In Gryllefjord, unserem heutigen Endpunkt, angekommen, ziehen die ersten Wolken auf und wir beschließen die frühere Fähre zu nehmen und die geplante Wanderung nicht mehr zu machen. Knapp zwei Stunden später befinden wir uns in Andenes, dem Ausgangspunkt der dritten Etappe und genießen den Abend in einem weiteren idyllischen Örtchen. Wäsche waschen, kochen und vorbereiten für Tag 3.
Tag 3: Andenes- Stokmaknes: 135km -700hm, Vesterdalen
Die Wetterprognose war mies, doch mein grenzenloser Optimismus glaubte bis zum Morgen nicht an Schlechtwetter. Als es um 10 Uhr tatsächlich aufhört zu regnen, starten wir gleich los, denn der Tag sollte mit 135 km der zweitlängste unserer geplanten Tour sein. Die Hoffnung, dass sich der dichte Nebel lichtet und wir die wunderschöne Landschaft der Insel Andoya zu Gesicht bekommen, bleibt bis zuletzt umsonst. Stattdessen hat uns der Regen ab Minute 5 fest im Griff und wir versuchen alles mit Humor zu sehen.
Konstanter Gegenwind und Regen bringen mich in einen tranceähnlichen Zustand. Nur schade, dass ich die vermutlich wunderschöne Gegend kaum sehen kann. Klatschnass und hungrig (Anm. wir hatten in unserer Euphorie, dass es eine Regenpause gab, bei der Abfahrt unsere Tagesverpflegung vergessen. Da außerdem Sonntag war, hatte selbst die einzige Tankstelle geschlossen) kommen wir abends bei unseren Hosts an. Die Herzlichkeit und der Kuchen von Aleksandra und Paul lassen uns die Strapazen des Tages vergessen. Einer der Momente, in dem ich heilfroh bin, dass wir uns gegen Camping entschieden haben, denn die Schuhe für den nächsten Tag trocknen zu können, erschien mir als der größte Luxus des gesamten Urlaubs.

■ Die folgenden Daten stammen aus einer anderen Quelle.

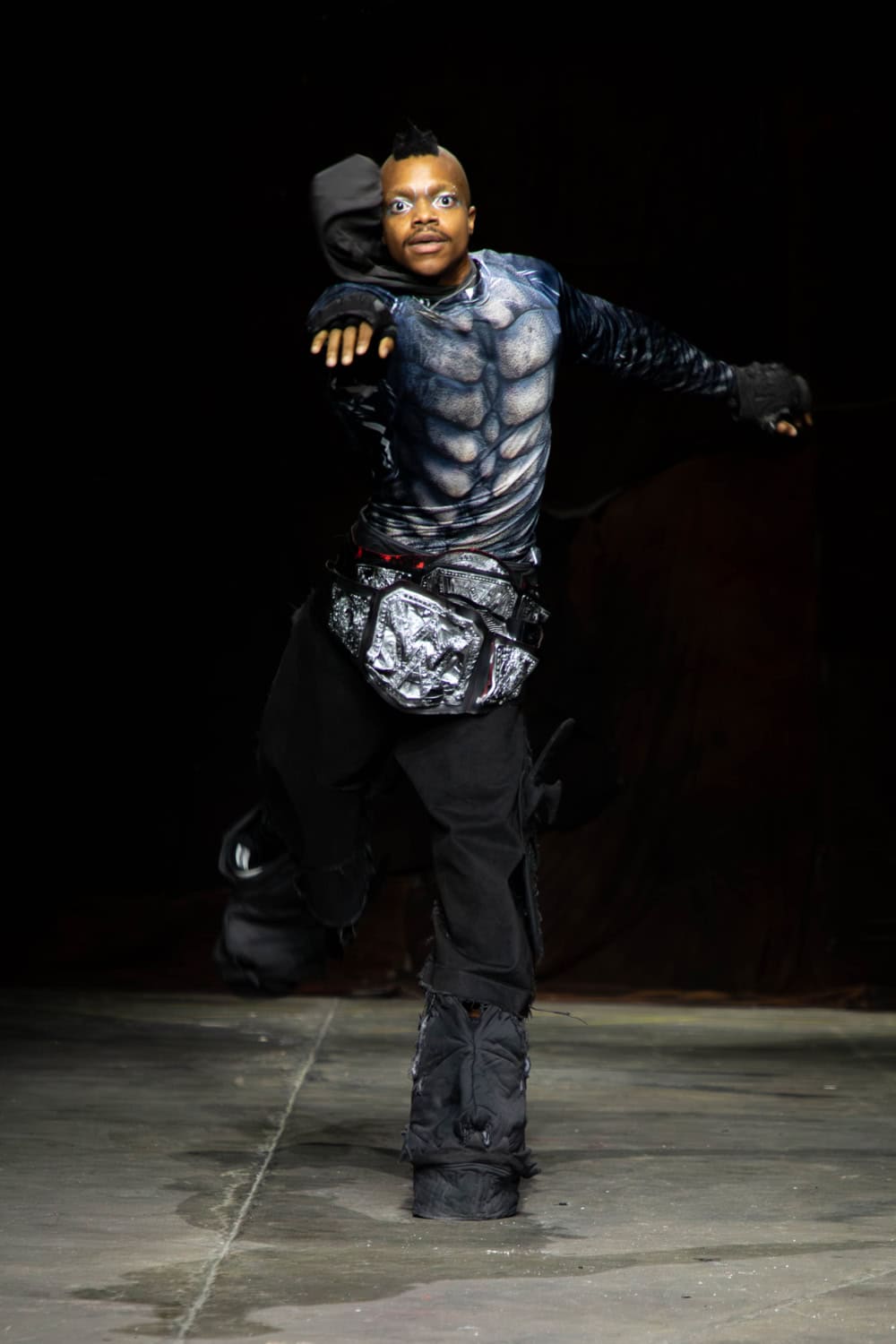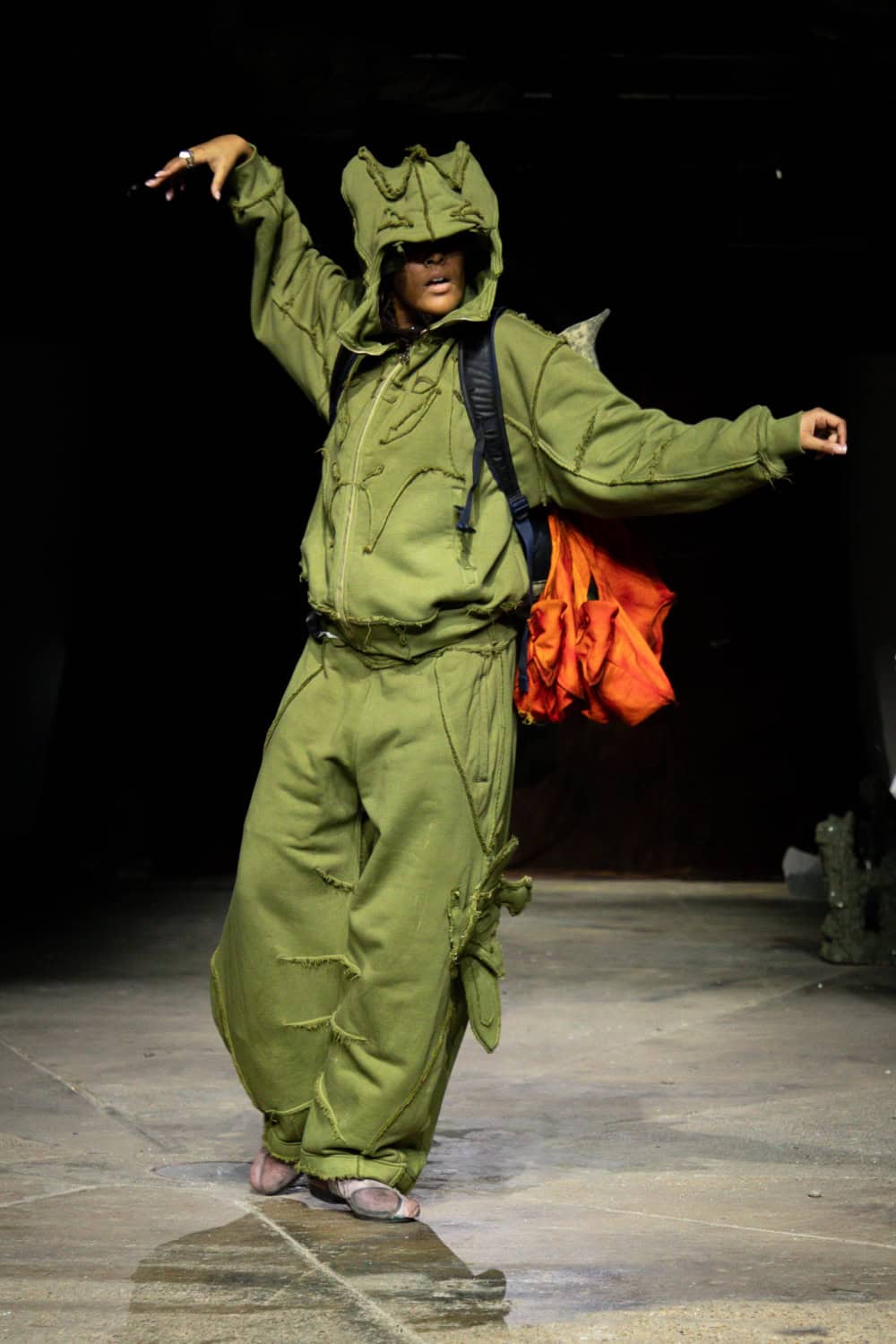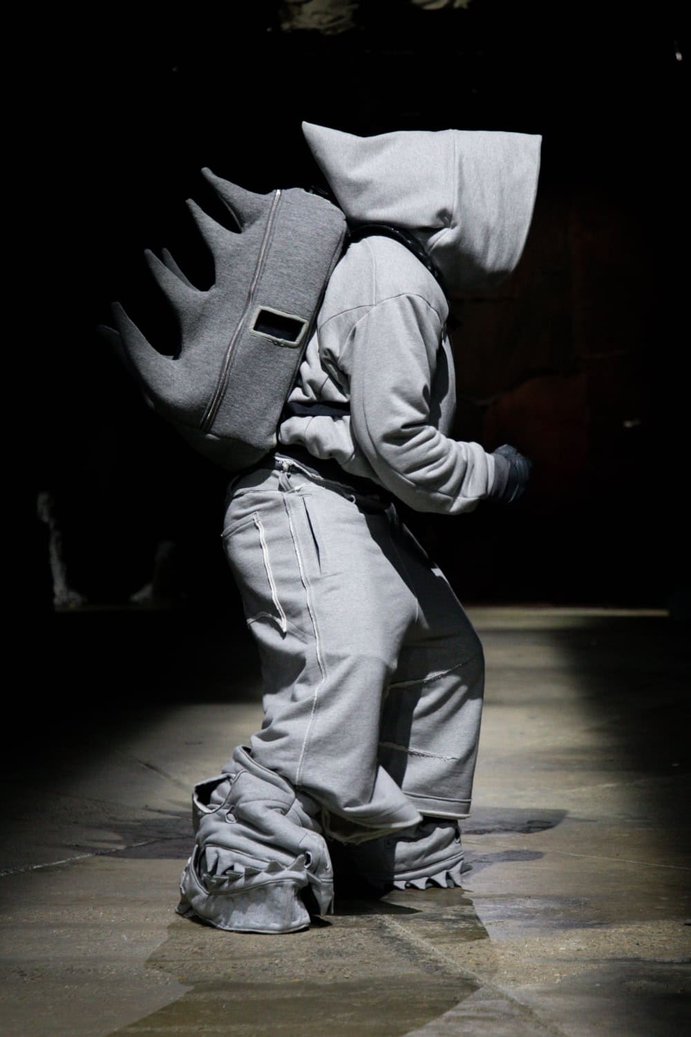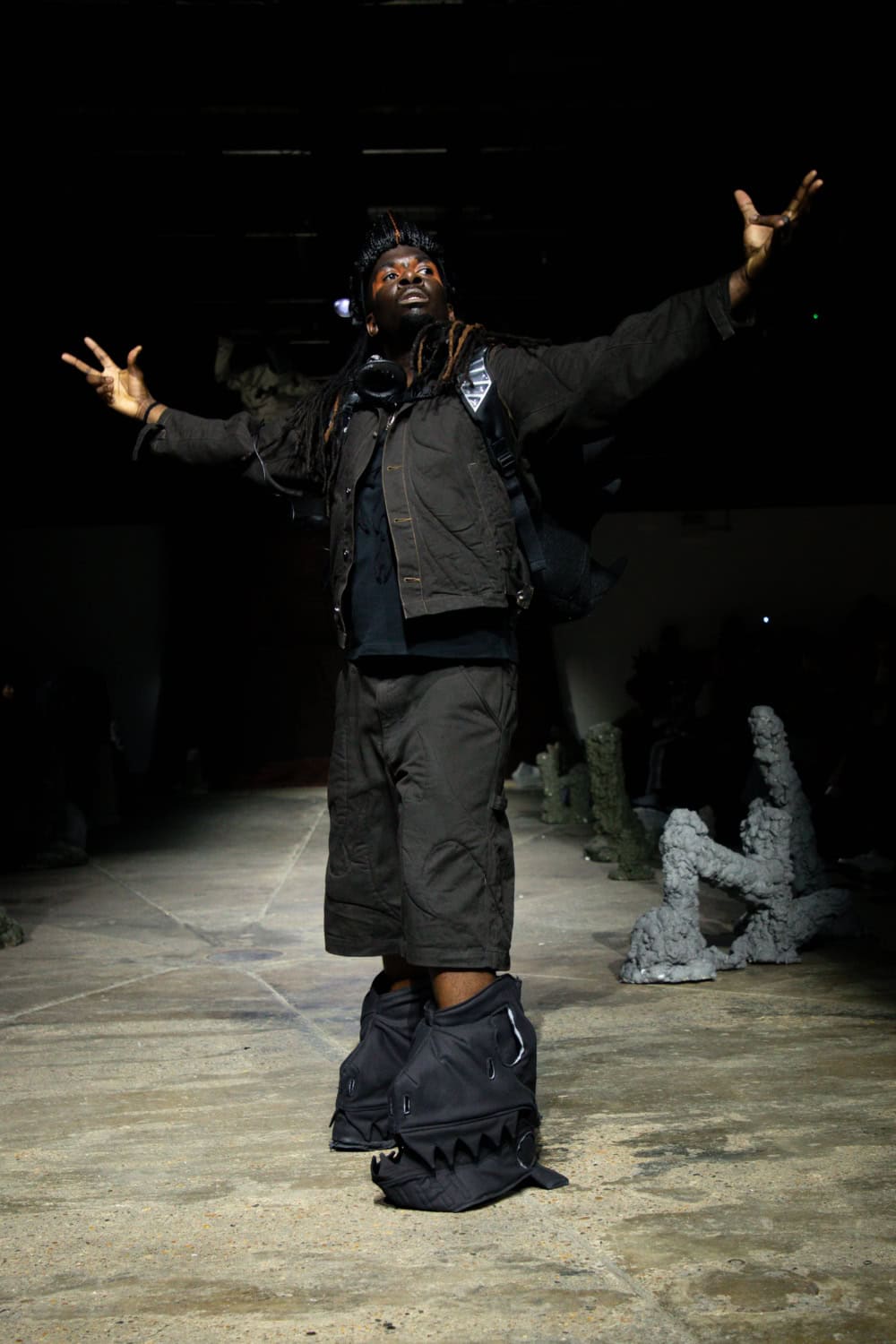 Entitled The Possible Family Reunion in RPG Space, the offering leaned on the brand’s go-to codes but with a flare for the dramatic. Dressed in oversized hoodies and rounded, moon-boot-like stompers, the models-cum-actors pulsed, popped, split and posed their way down the runway in a catwalk-like structure, despite Yaku being booked on the schedule for a presentation. It was smart – the Yaku team organised rough installments, so they could technically do a show multiple times over. It’s to be expected, Yaku is smart. You can see it in the details. Spikey game consoles, Bowser-esque backpacks, bow and arrows, faceless warriors suspended from the ceiling – the young talent knows how to tell a rich story. And AW26 left us keen to turn the page to find out what’s next.

Da die Wetterapp YR für den kommenden Tag ähnliches Wetter voraussagt und unsere Motivation für einen weiteren Regentag (diesmal sogar mit 145km Etappenlänge) enden wollend ist, beschließe ich kurzerhand, die Unterkunft umzubuchen und die bevorstehende Etappe zu verkürzen. Safety first.

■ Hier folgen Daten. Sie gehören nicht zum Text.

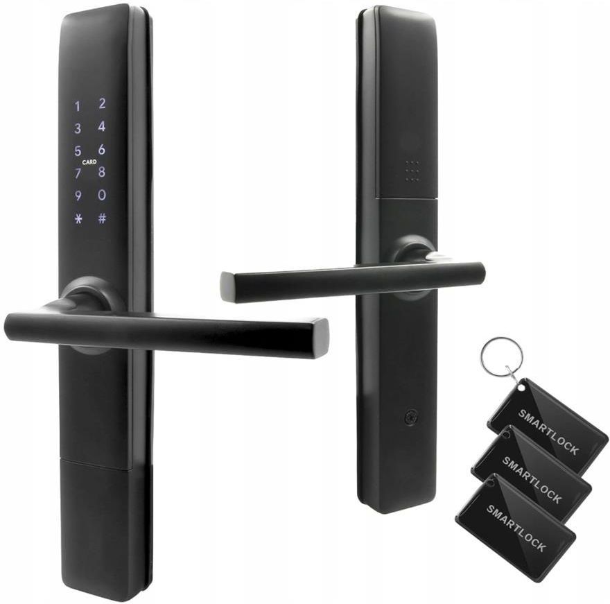 KLAMKA ELEKTRONICZNA "EURA" ELH-71H4 idealna do drzwi wewnętrznych i zewnętrznych (IP65) możliwość otwierania kodem, brelokiem lub kartą otwieranie awaryjne kluczem (wbudowana wkładka patentowa) lub poprzez dosilenie powerbank'iem (port USB) pasuje do drzwi lewych i prawych, drewnianych, aluminiowych, pełnych i profilowych wygodne zasilanie bateryjne WIDEOINSTRUKCJE MONTAŻU, PROGRAMOWANIA i OBSŁUGI 1. INSTRUKCJA KODOWANIA (na przykładzie bliźniaczego modelu) Spis treści 00:38 - dodanie breloka zbliżeniowego 01:03 - programowanie kodu dostępu Link: https://www.youtube.com/watch?v=Orisb5G4ZgU 2. MONTAŻ Instrukcja montażu zrealizowana została na drzwiach profilowych z wykorzystaniem zamontowanego zamka wpuszczanego wąskoprofilowego. Link: https://www.youtube.com/watch?v=3ABG2PImBS8 UNIWERSALNY MONTAŻ - DRZWI LEWE I PRAWE Orientacja drzwi nie ma znaczenia, inteligentne klamki mogą być montowane w drzwiach otwieranych: na lewo, do wewnątrz na prawo, do wewnątrz na prawo, na zewnątrz na lewo, na zewnątrz PASUJE DO STANDAROWYCH ZAMKÓW Klamka ELH-71H4 posiadają uniwersalny rozstaw śrub ściągających 38~40,5 mm (1). W większości przypadków pozwala ona na wykorzystanie najbardziej popularnych wkładek wpuszczanych o standardzie 72-92 mm (2) fabrycznie zamontowanych w drzwiach. IDEALNA DO ZAMKÓW WĄSKOPROFILOWYCH Klamki ELH-71H4 idealnie nadają się do montażu w drzwiach profilowych. W większości przypadków pozwala ona na wykorzystanie najbardziej popularnych wąskoprofilowych wkładek wpuszczanych o standardzie 90 mm (1) fabrycznie zamontowanych w drzwiach. Uwaga: Nie zaleca się montażu w drzwiach bezprzylgowych. JAK TO DZIAŁA? Na korpusie klamki znajduje się dotykowy szyfrator z wbudowanym czytnikiem kluczy zbliżeniowych (breloków/ pastylek). Po zbliżeniu klucza zbliżeniowego do czytnika lub wpisaniu kodu do szyfratora, następuje podanie impulsu z modułu kontroli dostępu, po czym serwomotor odblokowuje przekładnię mechaniczną, umożliwiając tym samym otwarcie drzwi poprzez normalne przyciśnięcie klamki po stronie zewnętrznej. Okres oczekiwania na wciśnięcie klamki ustawiony jest fabrycznie na ok. 5 sekund, po tym czasie następuje ponowna blokada przekładni i przejście zamka w stan oczekiwania na podanie kolejnego impulsu. Od strony wewnętrznej lokalu zawsze istnieje możliwość otwarcia drzwi poprzez zwykłe naciśnięcie klamki. Po zamknięciu otwartych drzwi następuje natychmiastowe zadziałanie mechanizmu zapadki, uniemożliwiając otwarcie drzwi od zewnątrz bez zbliżenia karty lub wprowadzenia kodu. W przypadku rozładowania baterii lub awarii istnieje możliwość otwarcia zamka przy użyciu zwykłego klucza mechanicznego, którego 2 sztuki znajdują się na wyposażeniu każdego zestawu. Klamka elektromechaniczna zasilana jest 4 alkalicznymi bateriami 1,5 V typu AA i na jednym komplecie baterii może pracować ok. 1 roku. Wgląd w status naładowania baterii dostępny jest w aplikacji po synchronizacji z klamką okresowo (za pomocą Bluetooth) lub w czasie rzeczywistym (po zastosowaniu bramek WiFi w systemie). SPECYFIKACJA TECHNICZNA Napięcie zasilania: 6 V DC Rodzaj zasilania: Baterie alkaliczne (4 x AA 1,5V) Pobór prądu - czuwanie / praca: Maks. liczba użytkowników: Karty- 200, Kody PIN-200 Przeznaczenie do drzwi: lewe / prawe Materiał obudowy: Stop cynku Czas trwania impulsu zwalniającego: 5-90 sek. Szyfrator: Tak, dotykowy Maks. moc promieniowania (RFID): <5mw> Częstotliwość pracy (RFID): Mifare 13,56 MHz Dopuszczalna wilgotność względna: 0-95% Temperaturowy zakres pracy: -35ºC ~ +55ºC Zalecane miejsce instalacji: wewnętrzne i zewnętrzne Współczynnik ochrony: IP55 Siła zamykająca lub siła potrzebna do rozpoczęcia ruchu skrzydła: 10 N Okucia poruszane dłonią - moment maksymalny (Nm): 1 Nm Okucia poruszane dłonią - siła maksymalna: 10 N Wymiary szyldu zewnętrznego (W x SZ x G): 300 x 43 x 24 mm Wymiary szyldu wewnętrznego (W x SZ x G): 300 x 43 x 24 mm Waga netto: 1200 g WYMIARY

Es gibt kein schlechtes Wetter zum Radfahren, nur schlechtes Gewand
Tag 4: Stokmaknes- Valberg: 105km – 800hm, Lofoten
Heute geht es endlich auf die Lofoten. Die Freude ist groß, wird jedoch beim Blick aus dem Fenster wieder etwas getrübt. Regen. Regen. Regen.
Nach einem ausgiebigen Frühstück mit norwegischen Pancakes, karamellisiertem Ziegenkäse und bester Gesellschaft, meint es der Wettergott gut mit uns und wir können im Trockenen starten. Noch nicht ganz. Zuerst muss noch der Schlauch gewechselt werden. Anscheinend war gestern nicht nur bei uns die Luft heraußen. Plötzlich werden die 15 Kilometer zur nächsten Fähre von Melbu nach Fiskebol ganz schön stressig.
Endlich auf den Lofoten angekommen, erfreut uns nicht nur unglaublich schöner Landschaft, sondern sogar Sonnenschein. Da es nur eine durchgehende Straße auf den Lofoten gibt, ist hier plötzlich merklich mehr Verkehr als die Tage zuvor. Zusätzlich ist die Inselgruppe deutlich bekannter und somit touristischer. Der Gegenwind ist auch hier, wie bereits die Tage zuvor, unser ständiger Begleiter. Da wir immer Richtung Westen fahren und der Wind vom offenen Meer kommt, wird sich das wohl bis zum Schluss nicht mehr ändern. Macht ja nichts, wir haben schließlich keinen Stress. Bald kommen wir in Svolvaer, der Hauptstadt der Lofoten, an. Dort lassen wir von freundlichen Intersportmitarbeitern unsere Fahrradketten ölen. Diese hat der gestrige Tag nämlich ziemlich in Mitleidenschaft gezogen. Mit geölten Ketten und Zimtschnecken im Bauch radelt es sich gleich viel leichter. Voller Begeisterung fahren wir die endlosen Straßen entlang, betrachten die atemberaubende Kulisse, die weißen Strände und die kräftigen Farben.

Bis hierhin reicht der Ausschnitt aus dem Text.